Business & Finance Finance

Accounts Receivable Loans

If you need money for your small business and you don't have the corporate credit rating or assets to acquire other loans, your best option is to consider accounts receivable loans. Your sales may be growing rapidly but id you don't have the money coming into your business in a timely manner, you will find that it may be impossible to pay your bills, order supplies, and simply run your business.

Customers that have time to pay their bills due to being invoiced almost always wait 90 days to pay their bills. Can you afford to wait 90 days to acquire the money you need from your customers. Having the money from those invoices in a timely manner allows you to expand your working capital. If you have the money quickly you can actually afford to take on larger orders from your customers as you will have the money to pay for the supplies.

Accounts receivable factoring is one option you have. This involves selling your invoices for an 80% down payment and acquiring the rest when the customer pays their bill. You will need to pay a fee for the service the factoring company provides.
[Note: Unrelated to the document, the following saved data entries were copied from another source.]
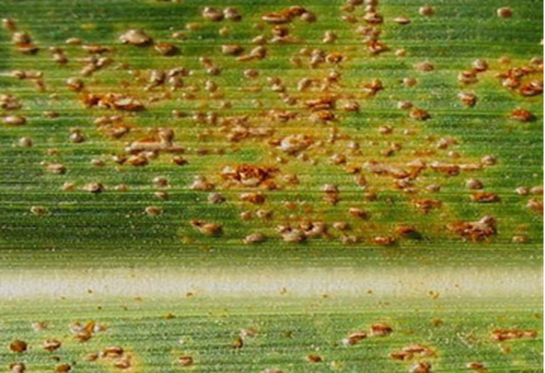 Symptoms: Lesions that begin as flecks on leaves and develop into small tan spots. Spots turn into elongated brick-red to cinnamon-brown pustules with a jagged appearance. Symptoms of common rust are found on both upper and lower leaf surfaces (unlike southern rust, where symptoms only appear on upper leaf surfaces).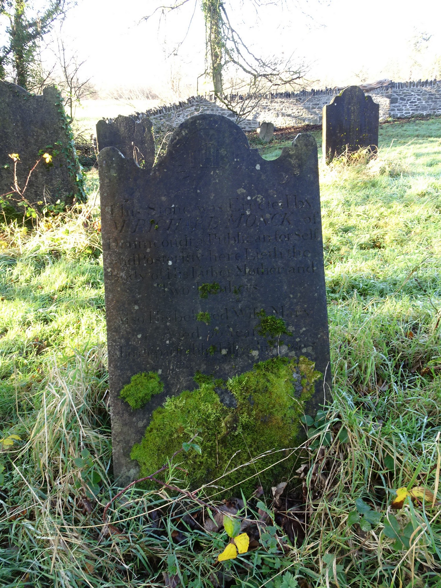 This stone was erected by / Mr Richard Monck of / Drumcondra Publican for self / and posterity here lieth the / body of his father mother and / two brothers / also his beloved wife Mary / aged 50 years / who departed life 3 July 1805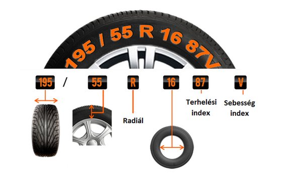 Gumiméretből rengeteg létezik, és ha valaki nincs képben, könnyen elveszhet a számok között. Hogyaszongya száznyolcvanöt per ötvenöt, meg valami R, és még több szám. Mit is jelentenek ezek? A ma már szinte kizárólagosan elterjedt radiál abroncsok méreteit jellemzően a 195/55 R16 formátumban adják meg. A gumin ennél valamivel több adat szerepel, mondjuk így: 195/55 R16 87 V. Most nézzük sorban, mit olvashatunk ki ezekből: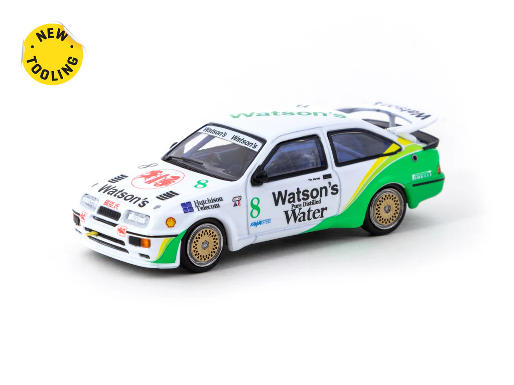 Ford Sierra RS500 Cosworth w barwach Watson’s Water — zwycięzca Macau Guia Race 1989. Klasyczny touring car z legendarnym silnikiem Cosworth, perfekcyjnie odwzorowany przez Tarmac Works.

Accounts receivables loans are a little different. Instead of acquiring the money from an order, you can ask for a lump sum and use your accounts receivables to secure the loan. The lender will take a look at your accounts receivables to see how timely your customers are paying their bills and if you have a strong enough cash flow and customer base to support the loan amount you are asking for.

Before considering a loan against your accounts receivables, you need to take a look at the following:

- How much are the fees for accounts receivables loans versus factoring. Which one will save you more money. Check for miscellaneous costs that may come with the loan.

-If you are collecting your own invoices, make sure you set up a good system. You need to ask for money up front from the customers and you need to invoice them as soon as possible in order to get your money from them in a timely manner.

-Does the lender have the capital requirements to lend you the money you need for your accounts receivables. This is a big question to ask as you need to make sure you are working with a company that has the money and has a solid reputation.